President Donald Trump's promise of pro-growth policies of tax reform and stimulus, which saw widespread optimism in global markets since November, will likely turn out to be a disappointment, the former deputy managing director of IMF told CNBC.
Zhu Min, who is currently President at the National Institute of Financial Research, spoke to CNBC at the sidelines of the Boao Forum in the Hainan Province, China.
He pointed out Trump's planned policies including the implementation of a border tax, the repeal and replacement of parts of the Affordable Care Act, infrastructure investments and tax reforms could face a long list of difficulties.
"If you're looking for what we heard just two months ago, and what we thought today right, you will see number one, (for) the border tax, the probability (of implementation) is very low ... which is a big deal," Zhu said.
He added infrastructure investments needed plenty of technical preparations, while the tax reform could face political and technical difficulties; details on both have been sparse from the administration.
Meanwhile, the administration has already seen difficulties in reforming healthcare. Republican lawmakers have struggled to rally enough support to pass a bill in the House of Representatives, to repeal and replace parts of the Affordable Care Act.

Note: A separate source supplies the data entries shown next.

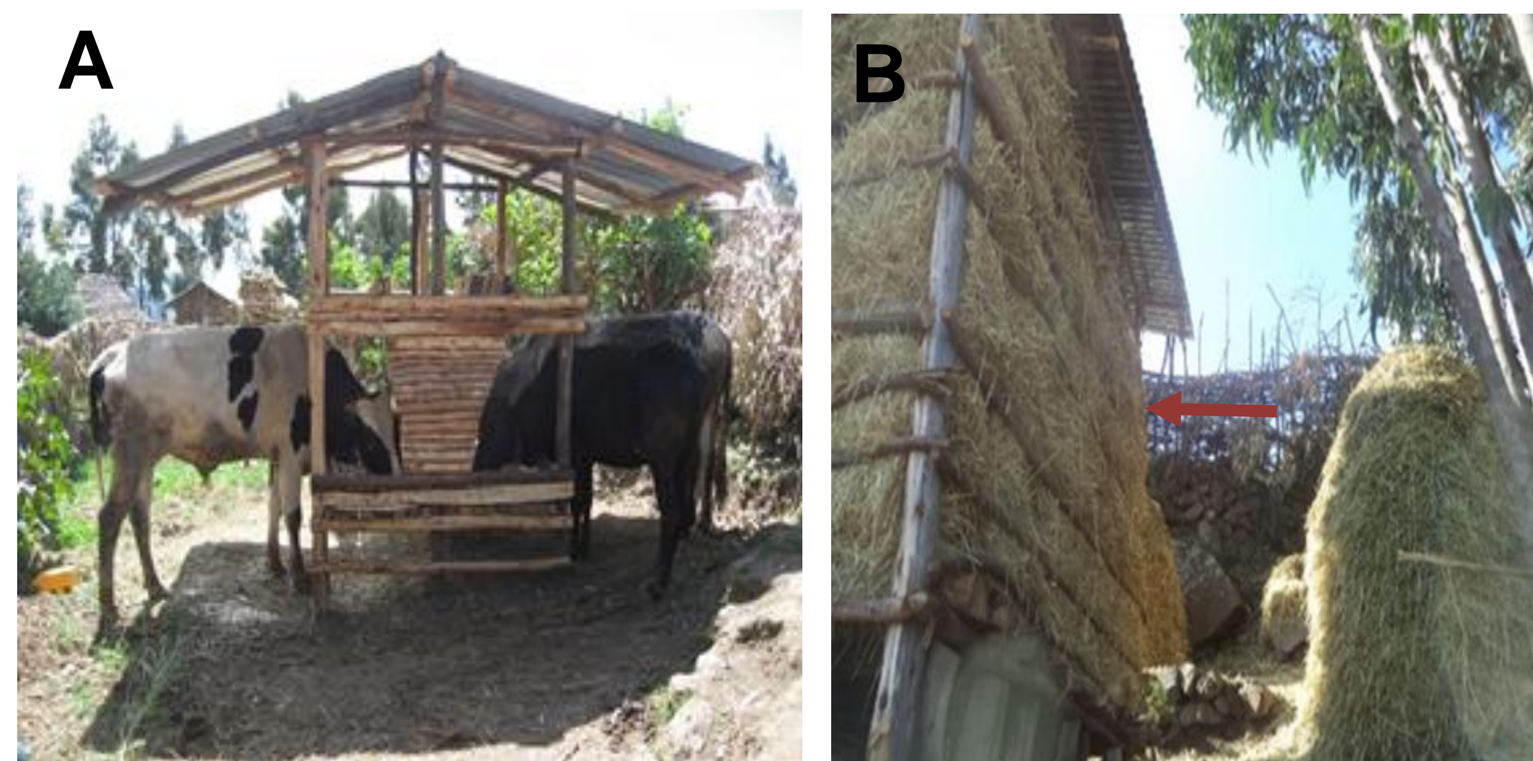
Fig. 2. A) Feeding trough, & B) Storage shed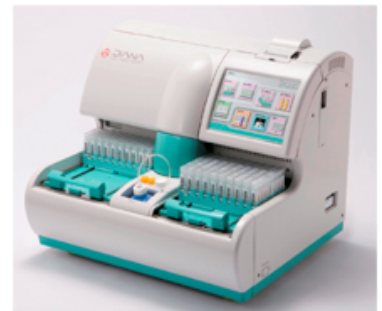
Automated blood analyser OC-DIANA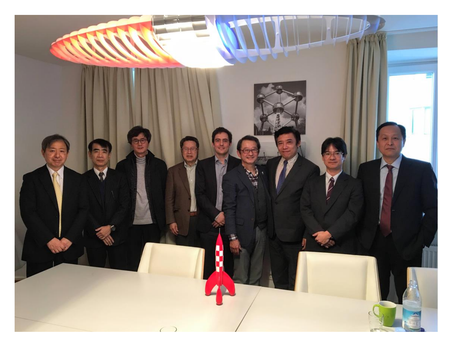
Participants from China, EU, Japan and Korea (invited)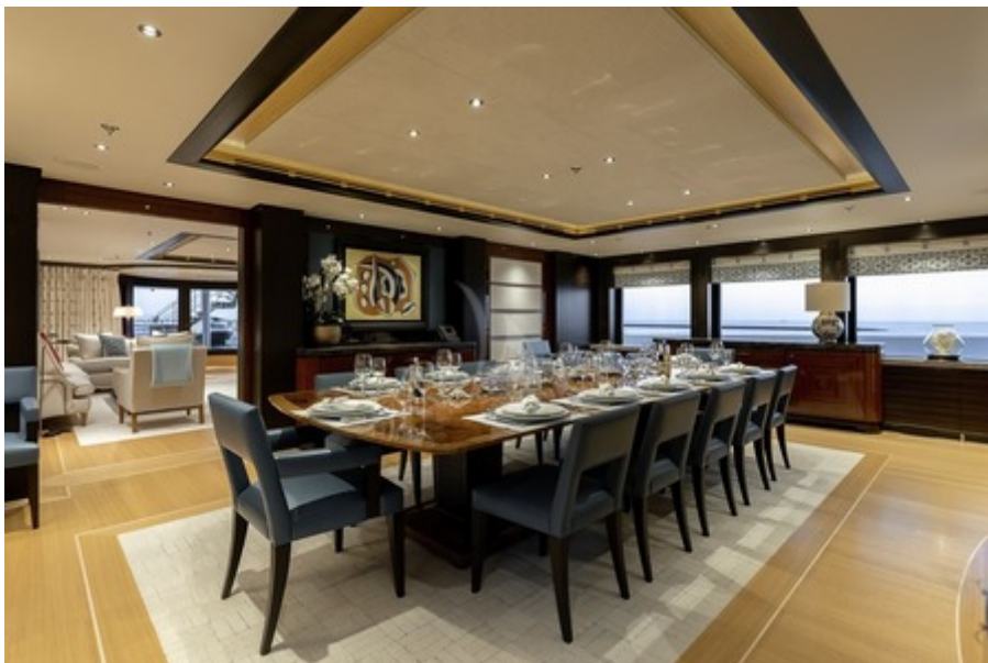
Main deck - Dining

The snag in passing health care reforms already saw markets stumble from their rally, as investors reassessed their optimism and assets like the dollar and bond yields saw some volatility.
"I think the market (was) a little bit over-optimistic. I think the market will be disappointed," Zhu said, adding even if some of the reforms were to pass, the effects on the real economy will unlikely be felt this year.
"The real concern for me is the volatility caused by Mr. Trump's policies."
Even then, Zhu implied Trump's economic growth targets are potentially unrealistic, pointing out that U.S. potential growth rate is currently around 2 percent. Earlier this year, reports said the Trump transition team had ordered Council of Economic Advisers staffers to predict a sustained gross domestic product (GDP) growth of 3 percent to 3.5 percent.
"If you get that level (of GDP growth), you need a huge (amount) of stimulus. It's not a few percentage of GDP deficit, it's huge. They need a lot of policy, it's not easy," he said, adding this could add to the volatility seen currently in markets.
The former IMF deputy also stressed the importance of strengthening international institutions like the International Monetary Fund and the World Bank and said the world recognizes the need to move forward with globalization.
On China, Zhu said he expects economic growth to remain stable and added that the yuan likely will not have any further depreciation pressures. But the financial sector remains a concern, particularly the debt-ridden state-owned enterprises.